In both THP-1 macrophages and primary human macrophages, the caspase-1 and ASC speck assays revealed that the inflammasome was not consistently activated in 100% of cells; rather, only a portion had been activated by VLPs, and the percentage of pyroptic cells never exceeded 20%. So, to explore the heterogeneity of macrophage activation, single-cell RNA sequencing (scRNAseq) was performed using a modified inDrops method, where single-cell transcriptomes were barcoded in droplets using an Onyx microfluidic device. In general, gene expression patterns showed an enrichment of genes associated with immune cell activation in the THP-1 cells treated with VLPs compared to controls; gene ontology enrichment analysis identified neutrophil migration, granulocyte chemotaxis, cellular response to TNF, response to IL-1 and lymphocyte migration as highly enriched relative to controls.
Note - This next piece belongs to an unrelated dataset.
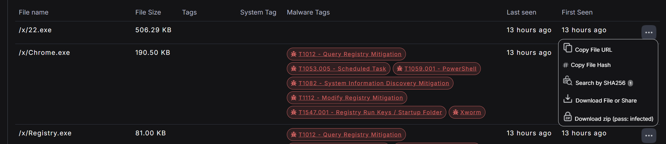 More so, you’ll notice you get a shit ton of tags (sometimes) that nudge you at why these files are potentially malicious. If you click on the three dots to the right, you’ll also get presented a few options of things you can do with those files.

However, within the population of THP-1 macrophages exposed to VLPs, scRNAseq revealed multiple subpopulations that differed in gene expression and abundance, of which Lučiūnaité et al detail nine. Hierarchical clustering separated these subpopulations into two groups. One cluster was comprised of 4 subpopulations of macrophages distinguished by their inflammation-related gene expression profiles. These included “high activation”, which showed a strong inflammatory response, “activation I” and “activation II”, which had enriched inflammation-related genes but at lower levels, and “interferon response”, which are genes induced by interferon and related to a cell’s response during viral infections. The other cluster was comprised of 4 macrophage populations that did not show enrichment of inflammation-related genes (“steady state”, “resting state”, “metabolically active”, and “prone to activation”) along with dead cells in a more distant branch. This reveals that the THP-1 macrophage culture was not homogeneous in its response to exposure to VLPs. As the mechanisms resulting in differential macrophage activation are currently unknown, future studies should investigate why only some cells activate an inflammatory response when exposed to VLPs.
- Lučiūnaitė A, Dalgėdienė I, Žilionis R, Mašalaitė K, Norkienė M, Šinkūnas A, Gedvilaitė A, Kučinskaitė-Kodzė I, Žvirblienė A.
- Activation of NLRP3 Inflammasome by Virus-Like Particles of Human Polyomaviruses in Macrophages. Front Immunol. 2022 Mar 9;13:831815. doi: 10.3389/fimmu.2022.831815. PMID: 35355981; PMCID: PMC8959312.